-Ahí vienen esos cabrones…
Los vehículos perforaron el perímetro que había aparecido de la nada, en un parpadeo, y frenaron entre violentos chirridos frente a la mole que despertaba tras días aciagos.
-¿De la CIA?
-Y vendrán del Pentágono también, segurísimo.
-¿Y Ramón?
Antes de responder, apagó la colilla de puro nervios de los dedos.
-Muy asustado. Se lo llevaron a las oficinas del jefe, todo vacilante, junto a dos de esos güeros.
Había tomado el primer tren desde Xochimilco para trabajar en la hierba desde temprano y Ramón, uno de los serenos, abrió el portón mudo de espanto. Un rato antes dio el aviso y el lugar se transformó demasiado pronto en un loquero de gente corriendo en todas direcciones
-Pedro Ruiz Santillana y Francisco Mercedes Liendo, ¿verdad? Me siguen por favor.
El tipo se le adelantó mostrando el camino que ya conocían.
-¿Será verdad lo del campo de juego? Y ándale, no te quedes ahí como si vieras la Virgen-, apuró Pedro.
Francisco escupió. Desde hacía un rato tenía la saliva seca. Y su olfato adiestrado no tardó en reconocer el olor del pasto dañado.
-Estos segurísimo son de la CIA-, repitió como para convencerse.
En la cafetería esperaron una larga hora, sin saber qué sucedía y ante un desfile incesante, e intimidante, de militares. Y de civiles que también lo parecían.
Por delante de una escolta se les acercó el menos marcial de todos ellos, pero que al mismo tiempo emanaba autoridad pese a los lentes de colegial y el cabello revuelto por un brusco despertar.
Sin rodeos, sin siquiera el “buenos días”, los interpeló: “¿Qué fue lo que les dijo Ramón?”
El interrogatorio fue extenso, sobre todo porque les repetían las preguntas, como midiendo la veracidad de las frases.
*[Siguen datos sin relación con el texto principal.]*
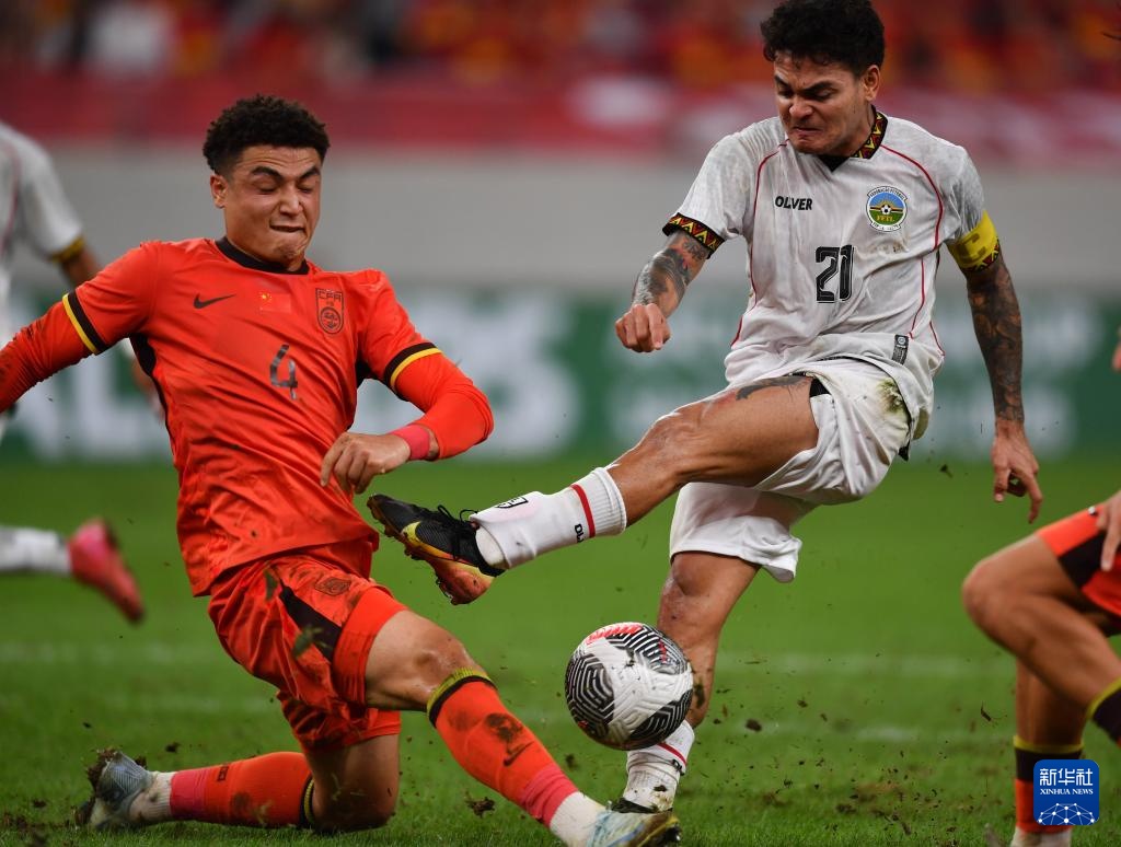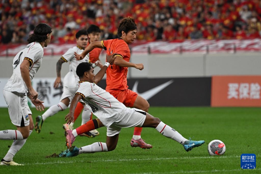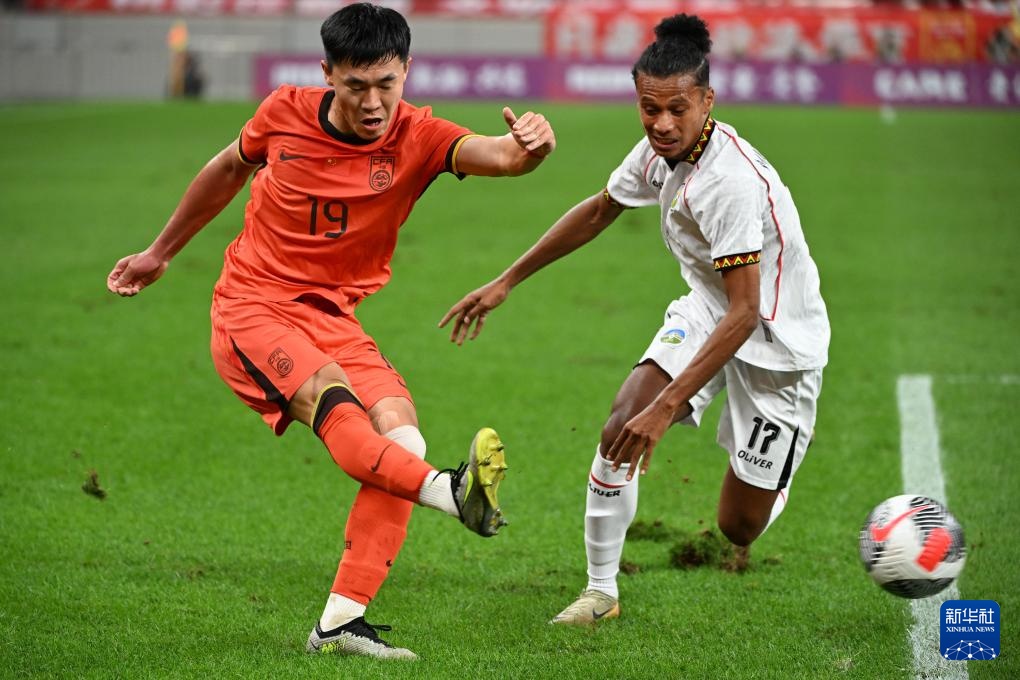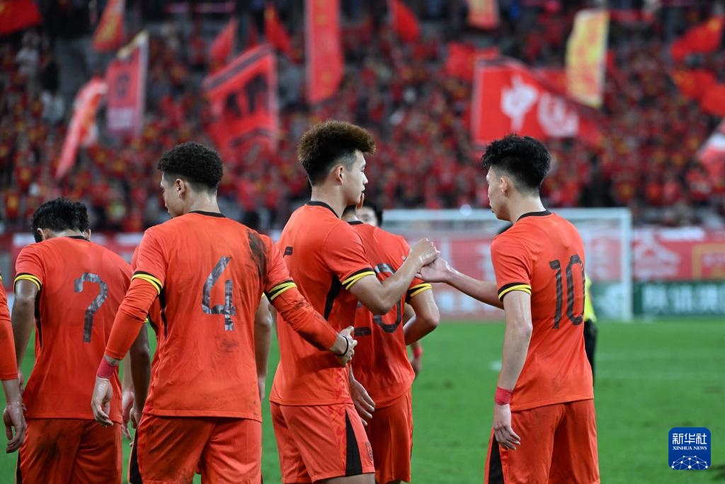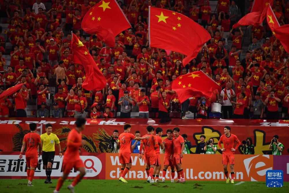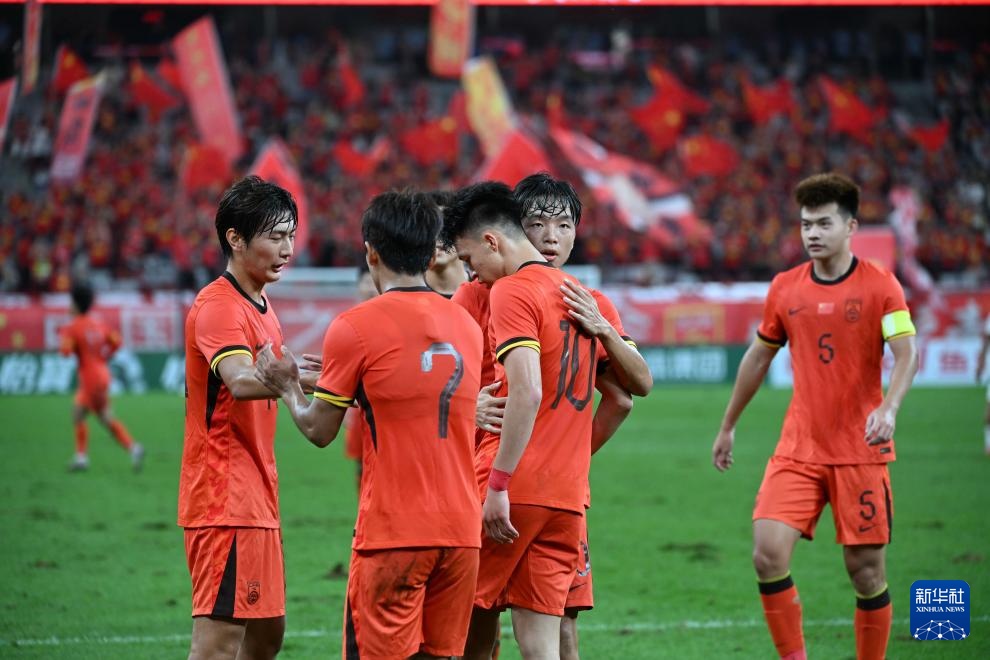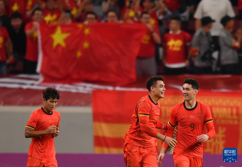 9月3日,中國隊球員在比賽中慶祝進球。
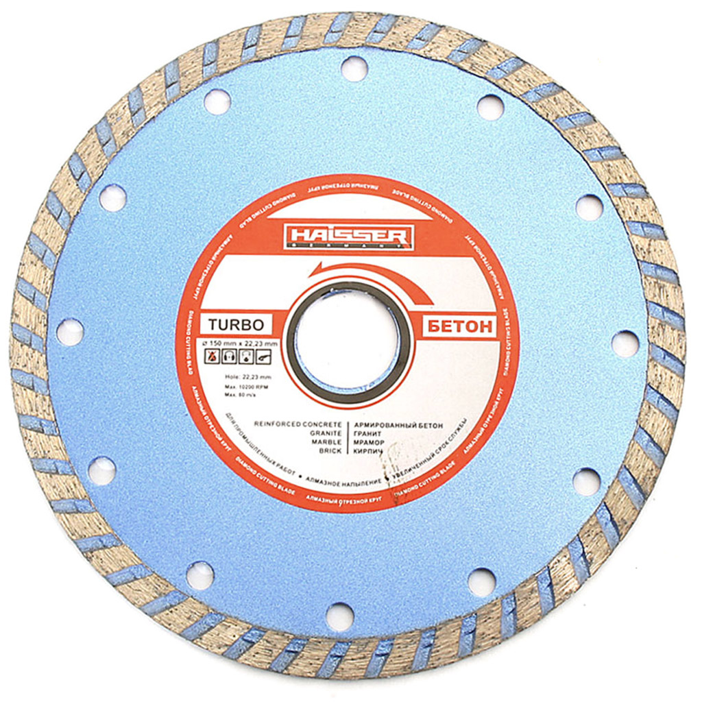 Диск отрезной Haisser Turbo, сплошной, алмазный, по бетону, 150х22.2мм
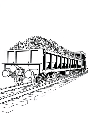 A schematic, technical drawing of a smaller cargo-bed truck delivering bags of recyclable plastic to a buyer's facility. The facility features machinery for shredding and converting plastic into pellets, with visible equipment and workers operating the machinery. The scene is set in an industrial area, with workers unloading bags from the truck. The illustration should have a clean, blueprint-like style, with basic colors and clear lines, focusing on functional depiction and detail.
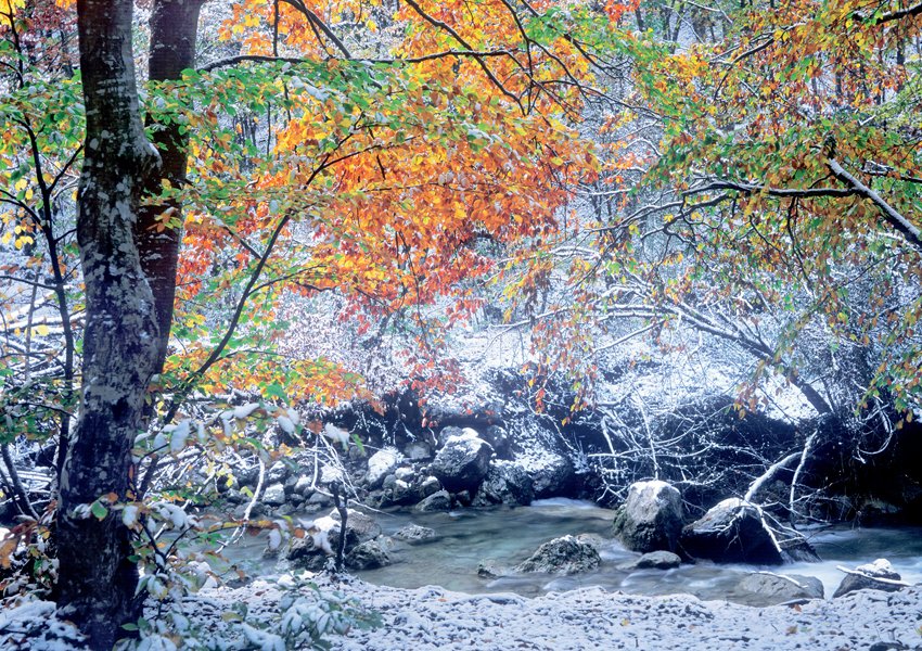 В конце октября в этом месте можно застать одновременно желтые, зеленые, красные листья и снег. Каньон сам по себе прекрасен для фото, а осенью это просто кладезь для красивых фотографий.

Y lo cierto es que ellos no tenían tanto por comentar.
Buscó mejor señal para enviar las fotos por el celular, y al comprobar que eran recibidas llamó a ese número. Al segundo le contestaron, signo de que en ya estaban al tanto de la situación y que en el acto captaron la urgencia del caso.
-Señor, tendría que venirse ahorita y verlo con sus propios ojos.
Barrilete cósmico
En los confines de Europa, donde montaba su guardia un poco adormecido, una profunda perturbación lo sacudió. Un chorro de energía rasgando el espacio.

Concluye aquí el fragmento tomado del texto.